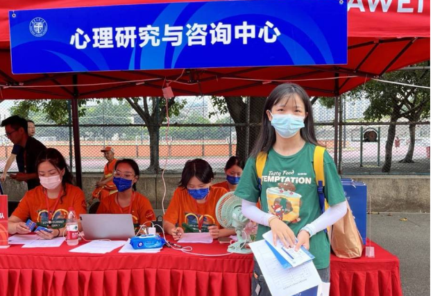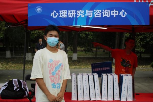 8月25日上午7:00,迎新志愿者们就已经早早地在迎新点等待着2022级心理人的到来,桌子上放置着准备好的防暑物品和新生大礼包。
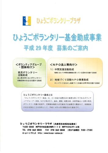 募集期間:平成29年4月17日(月)〜平成29年5月31日(水) ひょうごボランタリー基金助成事業 平成29年度 地域づくり活動NPO事業助成 平成29年度 中間支援活動助成
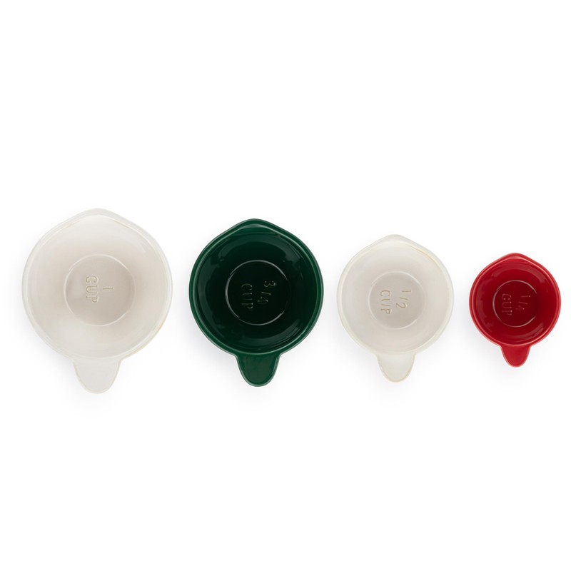 DEMDACO Baking Holiday Memories Red, Green, White Glossy Ceramic Stoneware Festive Christmas Kitchen Accessory, Embossed Detail, Christmas Measuring Spoons, Set of 4
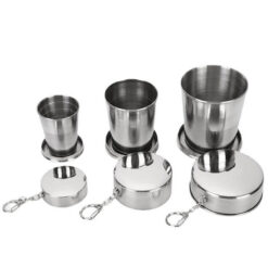 Stainless steel folding cup, perfect for travel, camping, hiking, and outdoor activities. Comes in 3 sizes: 8.5oz (250ml, 3 layers), 5oz (150ml, 4 layers), and 2.5oz (750ml, 6 layers). Durable, easy to clean, with key chain and lid for portability. Price is for 5oz, 150ml, 4 layers. Non-toxic, no metal taste or rust. Great for brand promotion with large print size. 2.5′ L x 2.3′ W x 2.3′ H

-- -- --

§ Instructions to follow: Nothing but the lines from the line containing "募集期間:平成29年4月17日(月)〜平成29年5月31日(水) ひょうごボランタリー基金助成事業 平成29年度" through the end of the data, both ends included, is to be reproduced, exactly as written and without the pictures.

§ Response area:
 募集期間:平成29年4月17日(月)〜平成29年5月31日(水) ひょうごボランタリー基金助成事業 平成29年度 地域づくり活動NPO事業助成 平成29年度 中間支援活動助成
 DEMDACO Baking Holiday Memories Red, Green, White Glossy Ceramic Stoneware Festive Christmas Kitchen Accessory, Embossed Detail, Christmas Measuring Spoons, Set of 4
 Stainless steel folding cup, perfect for travel, camping, hiking, and outdoor activities. Comes in 3 sizes: 8.5oz (250ml, 3 layers), 5oz (150ml, 4 layers), and 2.5oz (750ml, 6 layers). Durable, easy to clean, with key chain and lid for portability. Price is for 5oz, 150ml, 4 layers. Non-toxic, no metal taste or rust. Great for brand promotion with large print size. 2.5′ L x 2.3′ W x 2.3′ H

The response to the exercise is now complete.